This article focuses on the first prize of the Shanghai Municipal Science and Technology Progress Award for 2022, awarded for the research and application of "Key Technologies for the Clinical Diagnosis and Treatment of Chronic Pancreatitis." The award was received by a team led by Professor Liao Zhuanzhuan, the director of the First Affiliated Hospital of Naval Medical University (Shanghai Changhai Hospital).
A global challenging illness – chronic pancreatitis
In the human body, the "pancreas" is a rather inconspicuous organ, weighing about 200 grams, yet it is one of the most crucial organs of the body.
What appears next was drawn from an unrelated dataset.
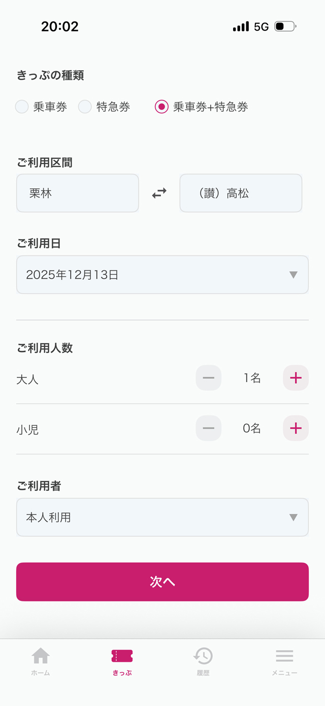 初期画面では、乗車区間・日にち・人数および利用者(本人か代理購入か)を入力するだけです。
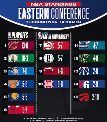Senza partite giocate nella notte, gli equilibri della Eastern Conference rimangono intatti. Cleveland, ancora imbattuta dopo 13 partite, è sola in vetta, mentre Bucks e Sixers sono le vere delusioni di questo inizio di stagione e al momento non farebbero nemmeno il play-in

It is associated with both the notoriously deadly pancreatic cancer and the high-mortality “acute pancreatitis.” However, few people are aware of the existence of “chronic pancreatitis.” Years ago, this excruciating disease was considered incurable; patients had no choice but to rely on painkillers for relief, eventually developing an addiction to them and suffering from severe physical decline. There is also a risk of cancer development associated with this condition. At that time, chronic pancreatitis was recognized globally as a significant challenge to treat.
After over 20 years of effort, Professor Liao Zhuanzhuan’s team at the First Affiliated Hospital of Naval Medical University (Shanghai Changhai Hospital) conquered this world-class challenge by using shockwave therapy to break up stones in the pancreas. This innovative approach worked effectively to produce excellent treatment outcomes and gained wide praise from patients. Shanghai has since evolved from a national center for chronic pancreatitis treatment to a global center for the same. The project titled "Research and Application of Key Technologies for the Clinical Diagnosis and Treatment of Chronic Pancreatitis" won the first prize of the Shanghai Municipal Science and Technology Progress Award in 2022.
Living in agony with no way out—an enduring medical challenge worldwide
The food we consume passes through the mouth, throat, esophagus, stomach, small intestine, and large intestine in sequence. The small intestine is further divided into the duodenum, jejunum, and ileum. The duodenum, measuring about 20–25 centimeters, is particularly significant, as it receives the pancreatic duct and bile duct that lead to the small intestine. The digestive juices secreted by these two organs flow into the small intestine, aiding in food digestion, nutrient absorption, and providing energy for the body’s survival.
The primary function of the pancreas is to secrete digestive enzymes, serving both exocrine and endocrine roles. The endocrine part secretes insulin, which plays a vital role in regulating blood sugar levels. The exocrine gland consists of acini and ducts, primarily secreting lipase, protease, and amylase among other pancreatic enzymes. Although this may appear straightforward, the inner workings of the exocrine glands involve highly precise assembly lines. "The acini secrete digestive enzymes, which remain inactive and in a dormant state while being transported through the pancreatic ducts. Upon entering the duodenum in the small intestine, the intestinal juices activate these enzymes via intestinal kinases, breaking down food for absorption," Professor Liao explains. This process can be likened to the “transport of hazardous materials,” where the pancreatic duct acts like a river, the pancreatic acini are akin to a "chemical factory" upstream, and the small intestine serves as the final "assembly plant," where the inactive enzymes are reactivated and perform their functions after arriving in the small intestine. However, if any errors occur during this process, disease can arise.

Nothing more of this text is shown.